I’ve thought about this “angled sensor” concept a lot. Distinguishing between rotation away from the wall due to non-straight driving, versus straight driving not at 90 to the wall is not possible, but it may not matter, the correction for either is a slight turn toward the wall.
And at 45 degrees angle, it should detect the end of the wall by a corner or an opening, but it may miss a chair leg, so I’m thinking the bot needs to scan for a no-obstacle distance along wall before initiating the wall following with 45 degree thing.
You are correct it is not a simple behavior, but really, your Remote Camera Robot project is “order - moon shot” while the wall sentry is “order - two burgers at McDonalds” (unless the bot is in Russia I guess.)
I’d rather order the burgers from Burger King - I think they taste better. And, AFAIK, they’re still open. KFC is still open as far as I know too.
Likewise, in the couple of shopping malls I checked this last weekend, the McDonald’s was open there - maybe the mall owners told them that if McDonald’s pulled out, they’d sell the space to someone else - or re-negotiate a “penalty” rent when they decide to come back. Of course, that was then, this is now, and who knows what’s going on tomorrow.
Sigh. . . I guess that’s a matter of opinion. Yes, my project has been “chewy”, but then again all this ROS stuff has my head spinning - and as far as I am concerned, if my project is a moon-shot, you’re trying to colonize Mars!
I had the advantage that most of the really hard stuff - the servers and the streaming camera - came pre-programmed. I just added fluff.
Good luck! My hat’s off to you!
It’s not possible to detect and, (as you said), it doesn’t really matter. Also that solves the “curved wall problem” - you simply adjust toward or away as necessary.
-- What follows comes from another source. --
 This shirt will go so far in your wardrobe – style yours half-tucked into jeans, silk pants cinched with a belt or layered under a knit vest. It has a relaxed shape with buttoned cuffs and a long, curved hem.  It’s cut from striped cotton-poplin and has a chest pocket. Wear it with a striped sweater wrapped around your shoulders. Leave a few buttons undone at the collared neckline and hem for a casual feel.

Try not to over-engineer this and you’ll be happier.
So then, what’s happening with the fancy camera and the LIDAR? All that was ROS stuff, right? Or, do you have a version of di_sensors I haven’t seen yet?
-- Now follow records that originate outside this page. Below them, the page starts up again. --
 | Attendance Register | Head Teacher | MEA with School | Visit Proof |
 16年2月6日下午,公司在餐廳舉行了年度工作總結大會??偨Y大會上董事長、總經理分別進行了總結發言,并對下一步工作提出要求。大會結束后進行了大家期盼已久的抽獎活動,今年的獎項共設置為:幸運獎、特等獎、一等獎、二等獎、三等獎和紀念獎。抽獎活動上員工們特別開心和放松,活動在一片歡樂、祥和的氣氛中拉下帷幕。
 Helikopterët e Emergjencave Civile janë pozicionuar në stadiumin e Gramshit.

The LIDAR is ROSbot Dave only. The Oak-D-Lite is LegacyDave only while I am learning how to program it and then learn to program the robot with what I learned how to program on the Oak thingy.
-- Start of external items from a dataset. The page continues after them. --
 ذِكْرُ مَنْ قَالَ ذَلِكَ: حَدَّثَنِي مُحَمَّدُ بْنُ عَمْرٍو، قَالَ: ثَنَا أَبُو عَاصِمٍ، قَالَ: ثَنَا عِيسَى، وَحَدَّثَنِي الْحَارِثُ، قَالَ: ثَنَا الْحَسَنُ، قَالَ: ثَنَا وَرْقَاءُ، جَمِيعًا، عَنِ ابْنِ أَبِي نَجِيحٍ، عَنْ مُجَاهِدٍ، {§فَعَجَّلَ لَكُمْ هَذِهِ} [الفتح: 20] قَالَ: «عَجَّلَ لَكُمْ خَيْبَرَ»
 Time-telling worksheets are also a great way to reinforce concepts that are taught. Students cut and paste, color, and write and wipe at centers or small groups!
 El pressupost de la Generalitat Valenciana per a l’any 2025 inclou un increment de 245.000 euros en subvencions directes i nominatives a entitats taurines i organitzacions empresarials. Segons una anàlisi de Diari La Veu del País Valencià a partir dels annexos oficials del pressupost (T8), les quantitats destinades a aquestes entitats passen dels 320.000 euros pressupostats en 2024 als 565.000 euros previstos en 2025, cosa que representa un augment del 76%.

And since that all sounds like more than my brain can wrap around right now, both are being ignored while Dave learns about VScode, and the US sensor, and I think about things that sound easier like wall following.
Distance Readings: [259]
Average Reading: 259 mm
Minimum Reading: 259 mm
Maximum Reading: 259 mm
Std Dev Reading: 0 mm
Three SD as a percent of reading: 0.0 %
Distance Readings: [259, 259]
Average Reading: 259 mm
Minimum Reading: 259 mm
Maximum Reading: 259 mm
Std Dev Reading: 0 mm
Three SD as a percent of reading: 0.0 %
Distance Readings: [259, 259, 262]
Average Reading: 260 mm
Minimum Reading: 259 mm
Maximum Reading: 262 mm
Std Dev Reading: 1 mm
Three SD as a percent of reading: 1.6 %
Distance Readings: [259, 259, 262, 258]
Average Reading: 260 mm
Minimum Reading: 258 mm
Maximum Reading: 262 mm
Std Dev Reading: 2 mm
Three SD as a percent of reading: 1.7 %
Distance Readings: [259, 259, 262, 258, 257]
Average Reading: 259 mm
Minimum Reading: 257 mm
Maximum Reading: 262 mm
Std Dev Reading: 2 mm
Three SD as a percent of reading: 1.9 %
This is in a dim room looking at a piece of cardboard. So very consistent readings. The only downside is that I had the sensor at ~25 cm, so it’s reading about a cm long.